The majority of distant metastases in epithelial carcinomas are well-differentiated, resembling primary tumors. Accumulating data indicate that this re-differentiation is fueled by transient rounds of EMT–MET, which endow cells with properties required to successfully complete the metastatic cascade [23]. In presented experimental studies, MET is usually defined by re-expression of E-cadherin, concomitant reduction in mesenchymal features, and re-differentiated metastatic foci. Of note, E-cadherin is itself required for the growth of primary tumors. Cancer cells with a terminal mesenchymal phenotype characterized by high ZEB1, ZEB2 and SNAI1, exhibited impaired tumor-initiating capacity. In contrast, CD49f+/EpCAM+/E-cadherinhi cells had the highest tumor-initiating capacity in majority of tested TNBC PDXs, when compared to CD49f+/EpCAMlow and CD49flow/ EpCAMlow [165]. Among the first studies inspecting the mechanism of MET, Chao et al. demonstrated that E-cadherin-negative primary tumors originated from MDA-MB-231 cells, gave rise to E-cadherin positive metastatic foci in lungs.

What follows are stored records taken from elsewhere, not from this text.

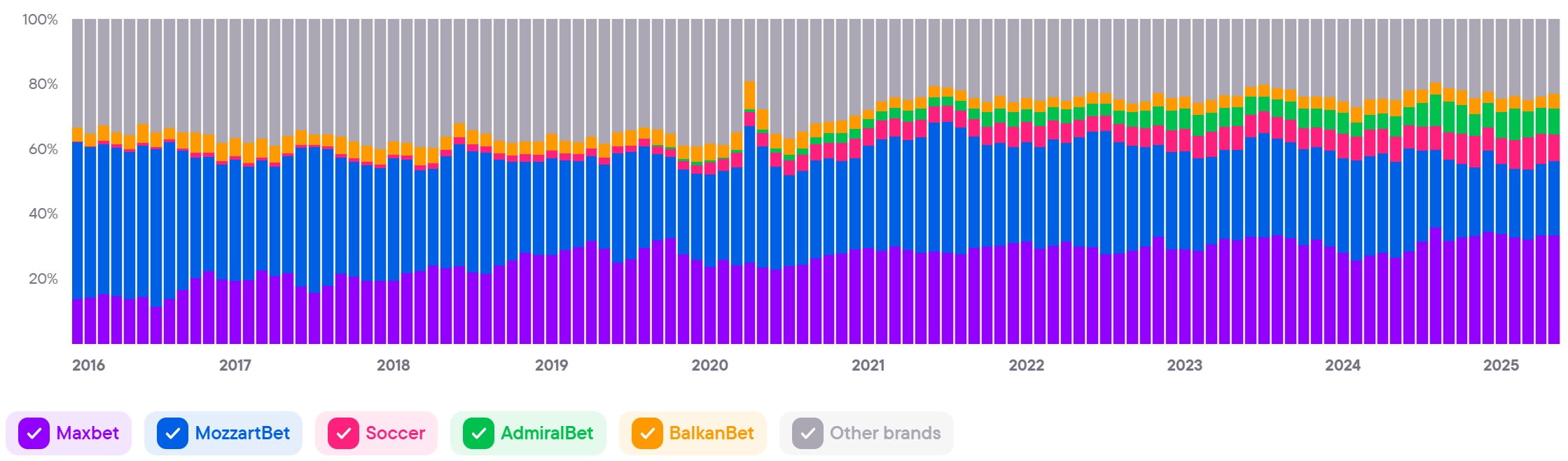Показывает совокупный уровень вовлечённости и интереса ко всем брендам в стране. Этот показатель служит барометром для индустрии iGaming и объединяет различные индикаторы, чтобы дать общее представление о тенденциях и изменениях на рынке.
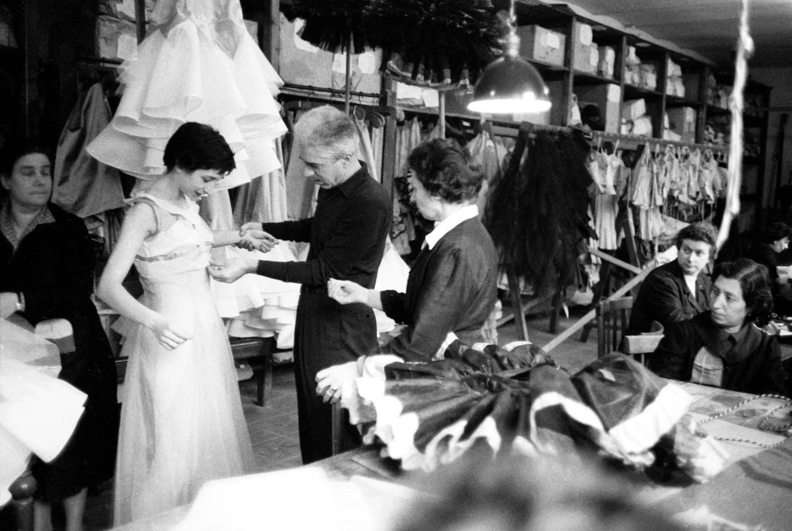 Black and white photograph of a dressmaking or costume workshop, with a model in a long gown being fitted by two attendants while other workers look on
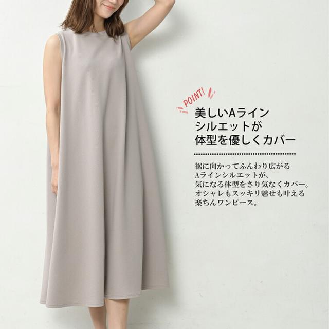 一枚でスッキリ体型カバーできる Aラインフレアワンピース。 重ね着しやすいノースリーブデザイン。 上からストンと着るだけで コーデが完成する楽ちんワンピースです。 |
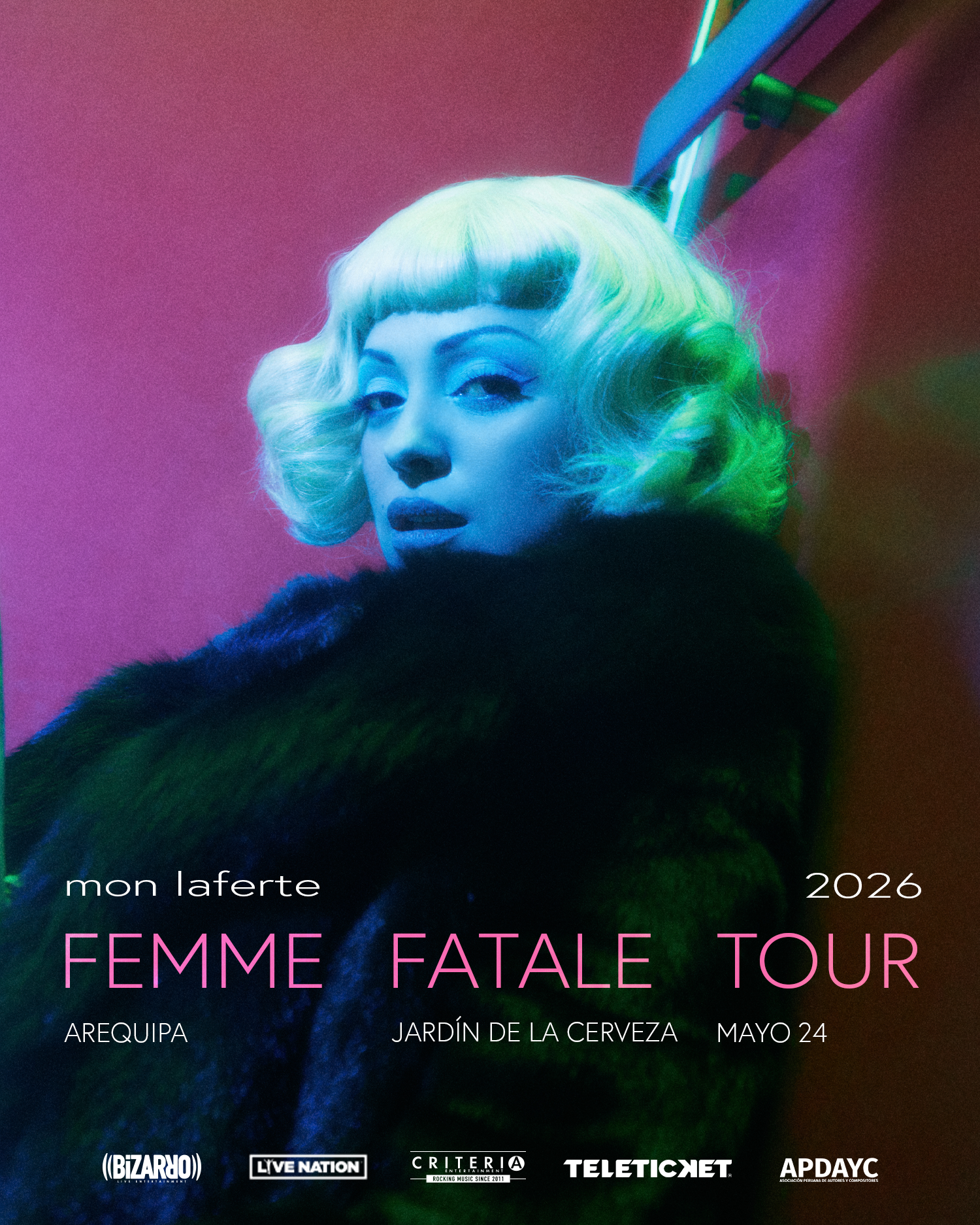 Luego de lograr un rotundo sold out en Lima, la cantante y compositora chilena Mon Laferte anuncia una nueva fecha en el Perú. La artista se presentará en Arequipa, en el emblemático Jardín de la Cerveza, como parte de su esperada gira internacional “Femme Fatale”. Las entradas estarán disponibles desde el miércoles 11 de marzo a las 10:00 am a través de Teleticket.
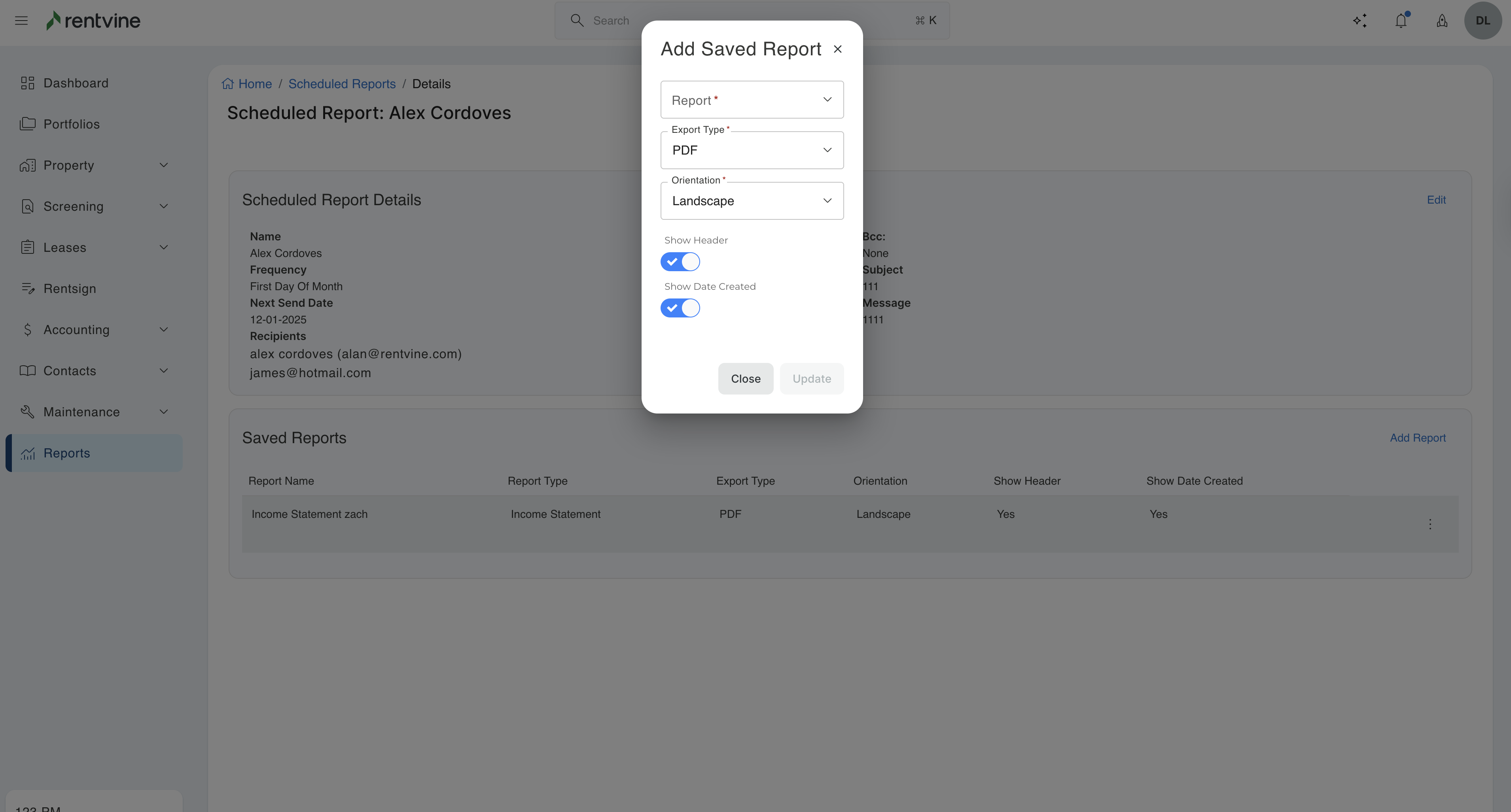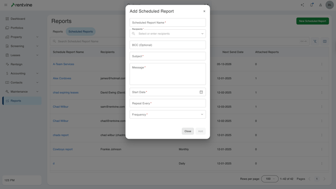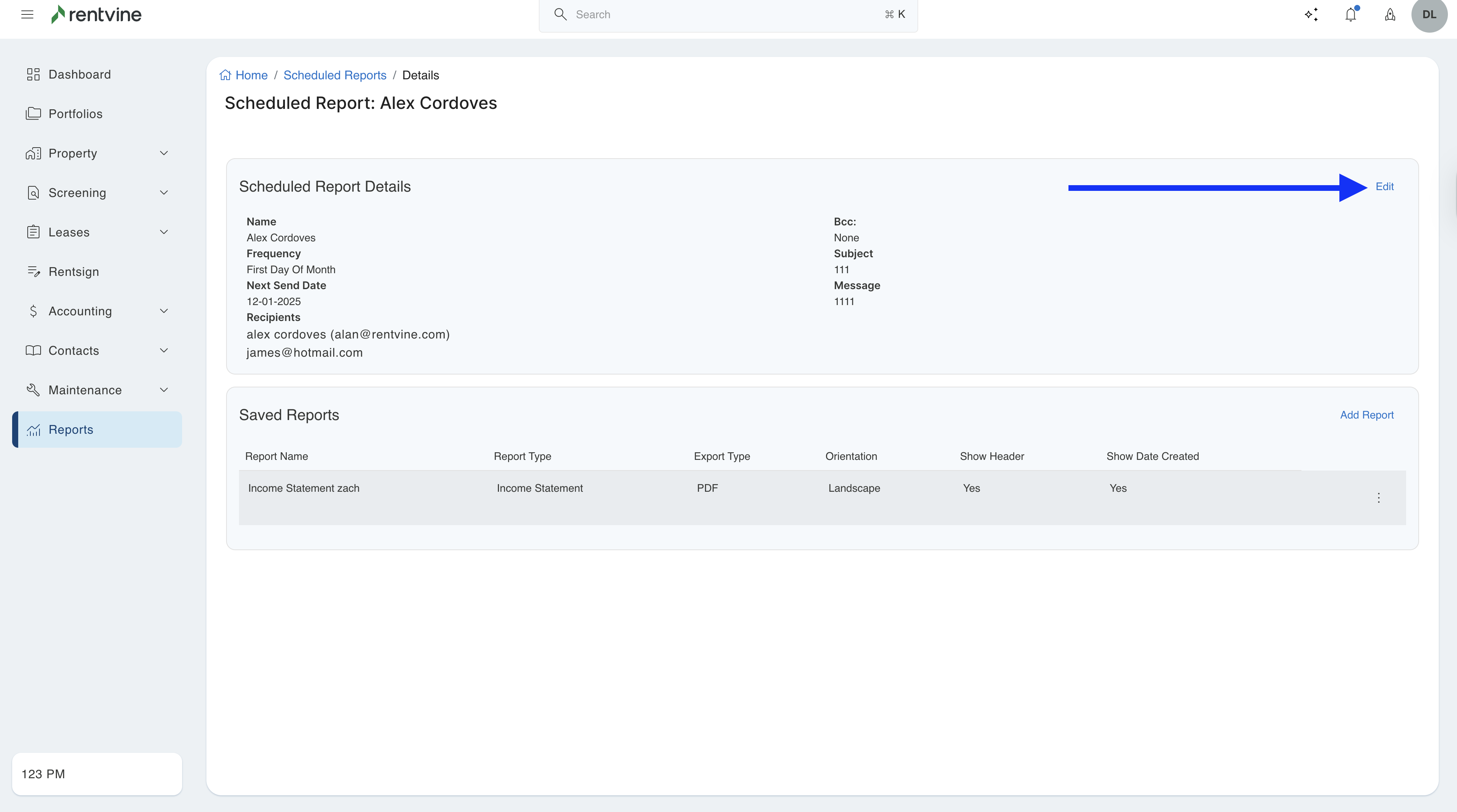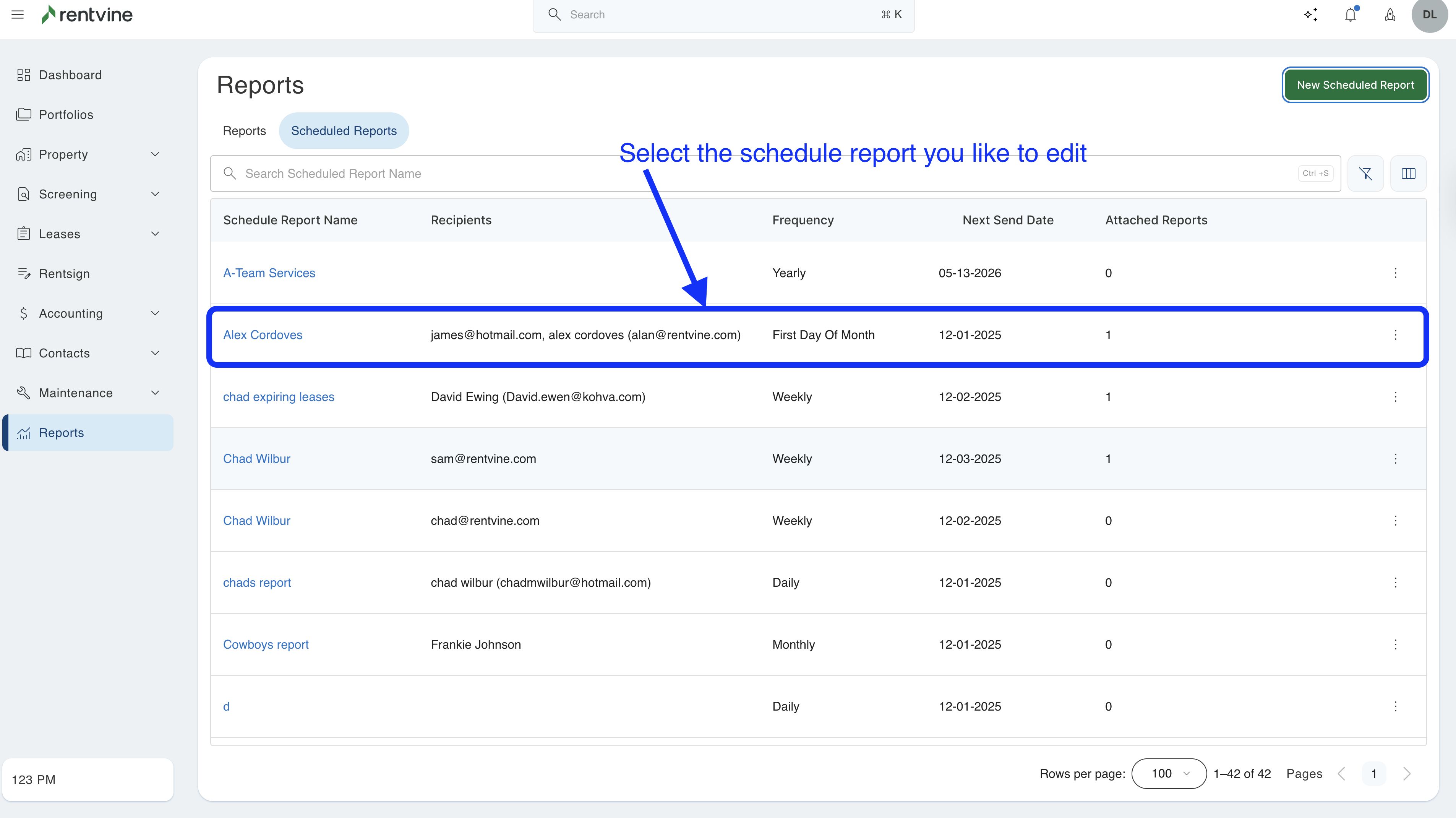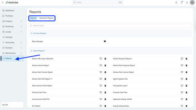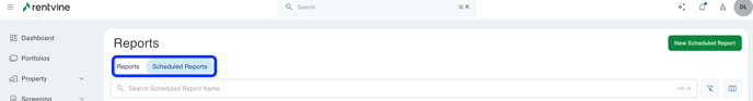 - Your scheduled report will now appear in the Scheduled Reports tab of the Reports section of your Rentvine account. If you ever want to delete this scheduled report or any other scheduled report, you can click the ellipses on the far right side of the report and click delete.

Moreover, modeling liver microenvironment by the co-culture of cancer cells with hepatocytes reactivated cancer cell epithelial phenotype and functional E-cadherin re-expression, suggesting the prominent role of the metastatic niche in MET activation [91]. These results have not yet been experimentally reproduced in vivo. Using a similar experimental model, MDA-MB-468, E-cadherin expression sustained in vitro and in vivo proliferation and was indispensable for formation of the lung and lymph node metastasis [166]. Conversely, loss of E-cadherin resulted in increased invasion capacity and dissemination, reduced cell survival and decreased colony formation capacity [167]. Another study linking MET and metastasis took advantage of a dynamic in vivo MDA-MB-468 model, employing Vimentin as an EMP marker. Compared to individually isolated cells or micrometastasis in lungs, lung macrometastasis exhibited more heterogeneous Vimentin and homogeneous E-cadherin expression as observed also in primary tumors. This suggests that MET likely occurred once overt metastases developed [168].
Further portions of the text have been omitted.